Сочинитель молчит, хотя в глазах его, светло-карих, с тигриной желтизной, вспыхивает что-то вроде насмешки: он попросту не признает над собой никаких, признаваемых всеми остальными, авторитетов. Он – сам по себе.
– Я не советую тебе слишком этим увлекаться, – примирительно заключает Женя, – не создавай себе проблемы! Будь проще, живи сегодняшним днем! Наслаждайся!
– Вот как? – хмуро отзывается сочинитель, – А если я этого не хочу? Если это не для меня?
– Тогда тебе везде укажут на дверь. Понял?
– Что из того… – сердито бормочет сочинитель.
– А ты с характером, – наполнив оба бокала, Женя выжидающе на него смотрит, – ты лезешь в большую игру… Вот ты публично, перед всеми, заявляешь, что этот, как его, Ариман воспитал для своих глобальных целей свой избранный народ, так?
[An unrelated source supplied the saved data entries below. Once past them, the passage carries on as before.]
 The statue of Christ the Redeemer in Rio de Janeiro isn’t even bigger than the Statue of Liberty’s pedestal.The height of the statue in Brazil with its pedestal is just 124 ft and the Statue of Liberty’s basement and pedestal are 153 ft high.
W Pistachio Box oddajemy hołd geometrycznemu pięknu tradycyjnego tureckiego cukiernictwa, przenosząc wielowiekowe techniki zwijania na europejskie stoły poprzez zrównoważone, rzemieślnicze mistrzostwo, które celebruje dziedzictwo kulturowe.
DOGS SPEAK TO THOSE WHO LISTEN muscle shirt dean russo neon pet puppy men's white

И как он этих избранных воспитал? Он поставил их всех раком. Сделал из них, и раньше ничтожных и подлых, еще более подлых и ничтожных, привив им безграничную ненависть ко всем остальным. Но зато… – Женя удовлетворенно усмехается, – зато по уму они превосходят остальных, и все, какие есть в мире изобретатели и философы, врачи и поэты, все это – они! Я ведь и сам принадлежу к их числу, – совсем уже размякнув, сознается Женя, – хотя об этом знают лишь те, кому положено знать. Но ты… – Женя дохнул на сочинителя сладким перегаром, – ты совсем другой, и ты не с нами… и я восхищаюсь тобой, я, можно сказать, влюблен…
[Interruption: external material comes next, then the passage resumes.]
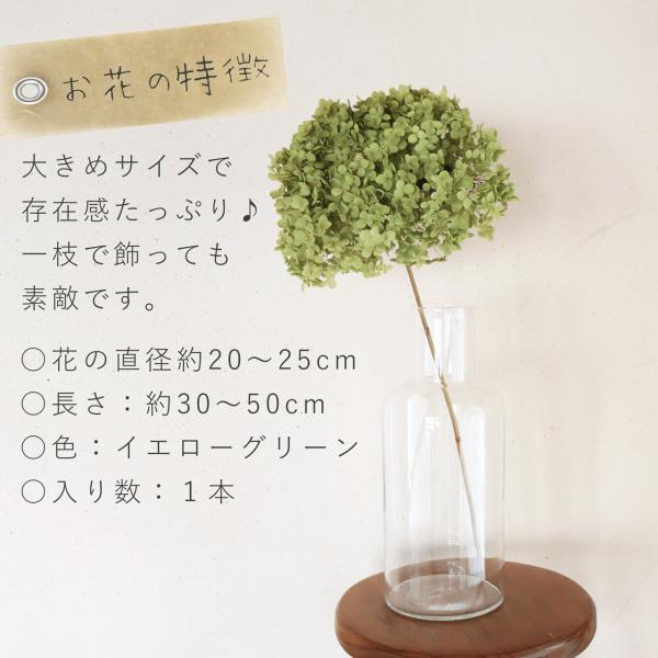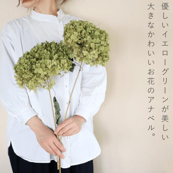 イエローグリーンの淡い色味で小さめのがくがふんわり集まったかわいいアナベルは通常のあじさい枝付きよりも優しげな印象。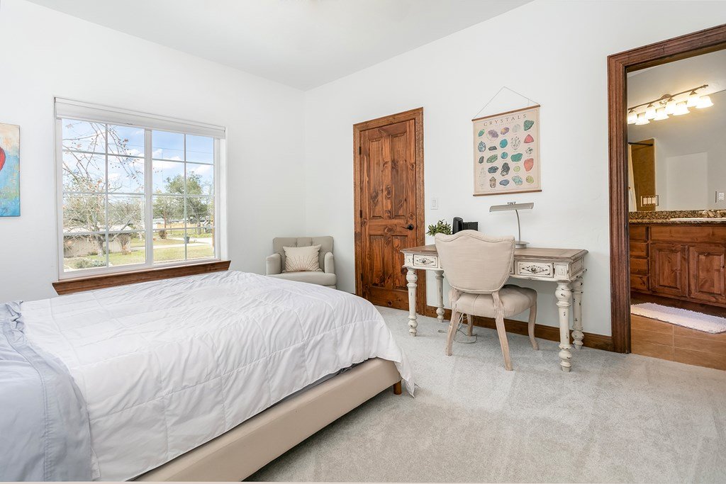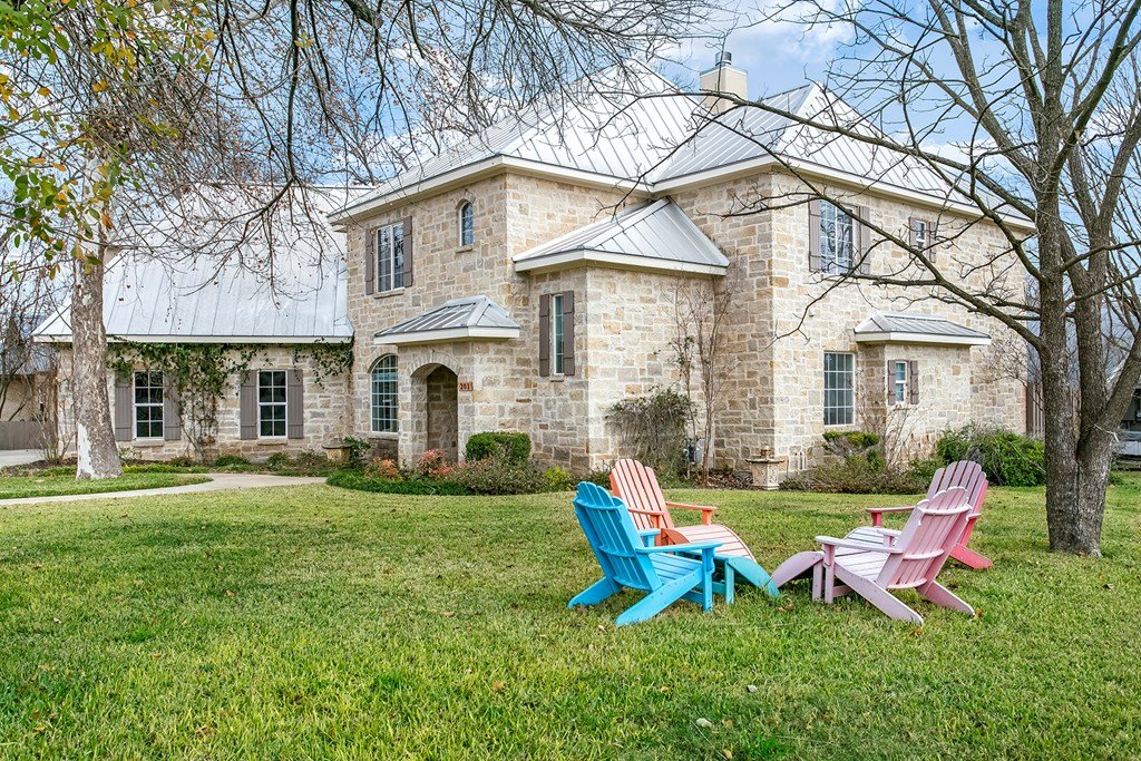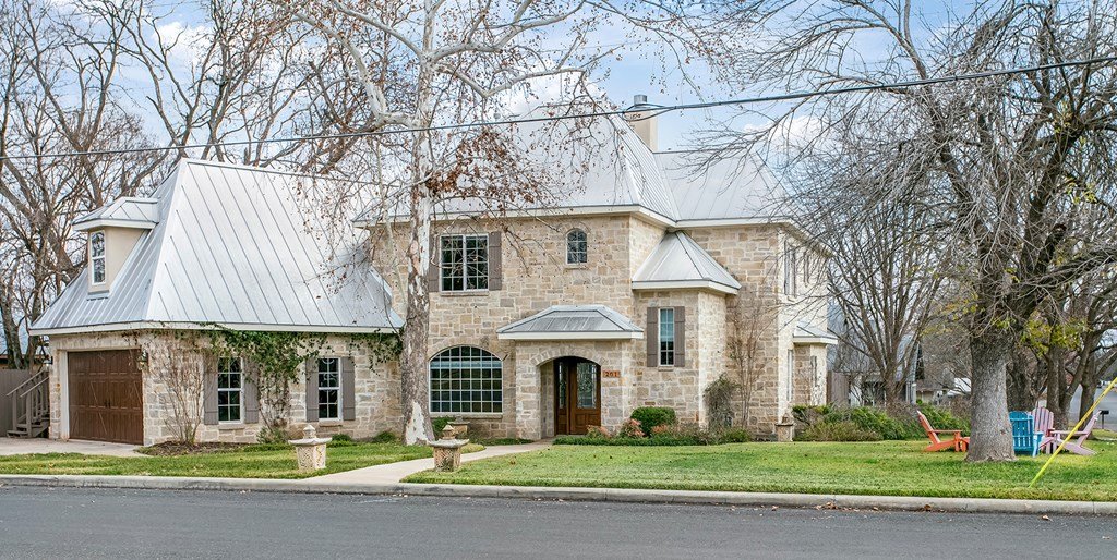 PERMITTED SHORT TERM RENTAL, OR GREAT HOME ONE BLOCK FROM MAIN! This corner lot LOCATION couldn't be better-whether you want to continue this highly successful bnb or make this your primary residence, you are truly in the HEART of all that we love about Fredericksburg, TX! Inside you'll find soaring ceilings, loads of natural light, stainless appliances, and black custom cabinetry. The stone masonry fireplace is a show stopper, the perfect place to gather with friends and family. With 5 bedrooms and 4.5 baths there truly is space for everyone! Comes furnished and bookings convey. STR # 8056002018

Уронив руку сочинителю на колено, Женя внезапно замолкает, будто его оглушила вдруг неотложность какой-то хитрой затеи, и рука его ползет прямо к прикрытой свитером молнии, ложится на нее неуклюжим, требовательным грузом… Изумленно уставившись на Женю, сочинитель готов уже отодвинуться вместе со стулом в сторону, да просто дать деру… но он продолжает смотреть Жене в лицо, хладнокровно констатируя внезапную бледность и капли пота на лбу, и экстатический прищур глаз, и размяклость полуоткрытых губ… Он должен все это увидеть, должен понять. Он сам теперь лед, камень, вакуум, пустое на этом стуле место, и это не к нему под свитер лезет чья-то рука…
– Пошел прочь, Сатана!
Через пару дней сочинителя вызывает к себе Школьник, директор музучилища. Приходится тащить с собой в кабинет виолончель, прямо с репетиции оркестра, и сочинитель все еще несется вместе с Вивальди в снежном вихре зимы, упраздняющей остальные времена года. Обычно Школьник никого, кроме жены своего заместителя, к себе в кабинет не вызывает, и сочинитель пытается поэтому вспомнить, что такого выдающегося он за четыре музучилищных года натворил. Увы, ничего, разве что научился заклеивать на инструменте трещины и менять колки… И вот наконец, с громоздким футляром, он вваливается в директорский кабинет.